Marcel Schreier, the Richard H. Soit Assistant Professor in chemical and biological engineering and affiliate faculty in chemistry at the University of Wisconsin-Madison, who develops electrocatalytic pathways to transform chemicals and make fuels using clean electricity, is one of 20 early-career scientists from across the United States named a Packard Fellow for Science and Engineering.
Each fellow receives a grant of $875,000 over five years, funding they can use to explore high-risk aspects of their work in search of the sort of high-reward discoveries that expand the frontiers of their field.
“Each of the Fellows in this year’s class is exceptional, and we’re excited to support them as they push the boundaries of discovery and innovation in their fields,” says Richard Alley, chair of the Packard Fellowships for Science & Engineering Advisory Panel, and a 1991 Packard Fellow. “We welcome them to the community of Packard Fellows and look forward to learning from them and helping them advance the frontiers of science and engineering for the good of all of us.”
Schreier’s lab focuses on electrocatalysis, developing methods to use electricity to drive transformations in chemicals. Most industrial chemical processes rely heavily on fossil fuels to produce chemicals, for instance converting petroleum into plastics, gasoline and other products. Schreier is interested in developing ways of using electricity, which can be sourced from renewable resources like wind and solar, to power these chemical conversions in a more sustainable way to achieve a circular economy with net zero carbon emissions.
“The chemical industry makes everything that surrounds us—paints, lubricants, coatings, plastics. It really makes our modern life possible,” says Schreier. “All these chemical products are being produced currently by burning fossil fuels. At the same time, we have an increasing amount of renewable energy in the form of electricity. We are investigating two things: how we can use electricity to drive chemical reactions that allow us to make chemical products more sustainably and how to store renewable electrical energy in useful fuels.”
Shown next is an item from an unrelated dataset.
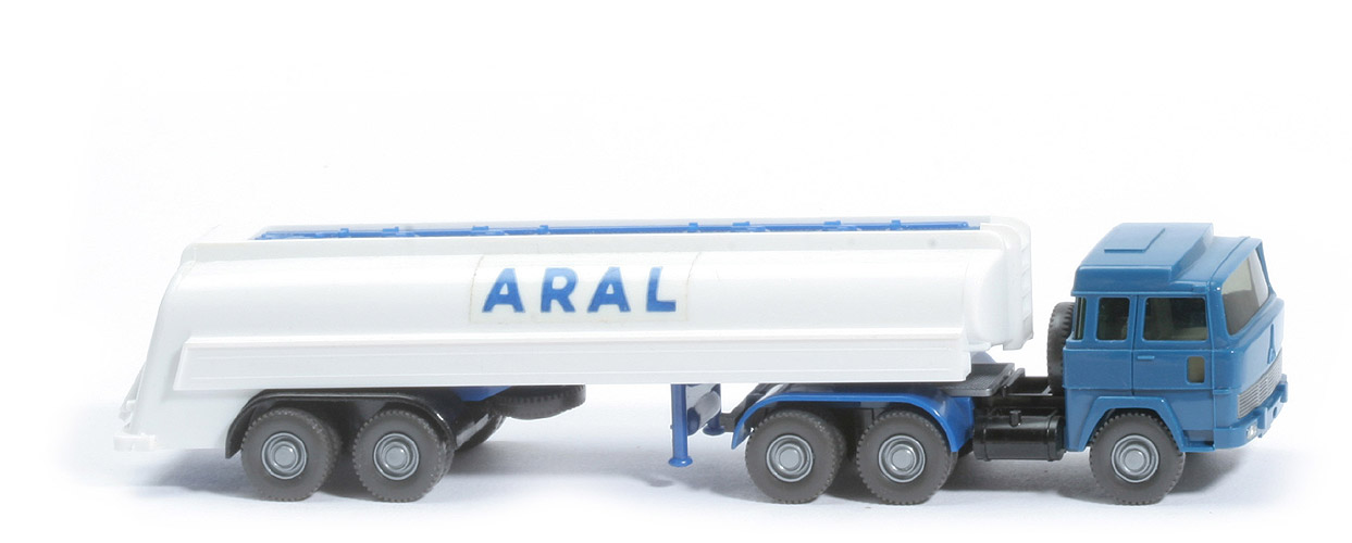 | Zugmaschine | Kabine oben | kobaltblau | Kabine unten | kobaltblau | Verglasung | getönt | Inneneinrichtung | ca. hellgelbgrau | Lenkrad | ohne | Grill | silber | Chassis | schwarz | Radlauf hinten | kobaltblau | Sattelpfanne | für großen Königsbolzen | Reserverad | hinter Kabine | Räder | Profil grob | Radkappen | silber | | Auflieger | Farbe Tank | weiß | Farbe Füllanlage | helles kobaltblau | Farbe Armaturen hinter Klappe | helles kobaltblau | Farbe Chassis | helles kobaltblau | Beschriftung Seite | Aral | Beschriftung Heck | Aral | Beschriftung - Art | Folien | Achseinheit - Farbe | schwarz (!) | Typ Achseinheit | Germany/Wiking | Bodenprägung Chassis | Wiking, ohne 80 S | Königsbolzen | groß | Reserverad | mit | Räder | Profil grob | Radkappen | silber |

In particular, the lab studies electrochemical interfaces at the molecular level to better understand how electric fields can drive these transformations. That understanding could help them tune these chemical reactions to produce a wide array of products while dramatically reducing the carbon footprint of the chemicals industry.
“In my group, we really investigate fundamentally how electrocatalytic reactions come about and how to expand the toolkit to understand them better,” says Schreier. “Then we use our insights to expand the scope of reactivities that can be reached with electrocatalysis.”
Schreier received his bachelor’s degree in chemistry and chemical engineering from École polytechnique fédérale de Lausanne (EPFL) in Switzerland and a master’s degree in chemical and bioengineering from ETH Zurich. He conducted his PhD research at EPFL, developing electrocatalysts and devices for sunlight-driven reduction of carbon dioxide for fuels. As a postdoctoral fellow at MIT, he studied the synthesis of fuels using electrical energy as well.
Schreier established his lab at UW-Madison in 2019, where he now has a team of seven graduate students. “I have very driven students; they are very special,” he says. “Without them, this work would not be possible.”
Besides the Packard Fellowship, Schreier has also earned several industry and society grants, including the prestigious Young Investigator Award from the Arnold and Mabel Beckman Foundation earlier this year.
Schreier says the Packard award will allow him to eventually expand his lab and purchase new equipment as needed. More importantly, it will allow him and his students to continue pursuing their work, wherever it leads. “The key benefit is that it will give our lab the flexibility to really explore our ideas,” says Schreier. “It’s an honor for our entire group.”
Schreier is UW–Madison’s 18th Packard Fellowship winner. Since 1988, the Packard Foundation has awarded $481 million to support 675 scientists and engineers from 54 national universities.
Top photo caption: Marcel Schreier and his students, including Alex Zielinski (right), are developing ways to use clean energy to create chemicals and store electricity.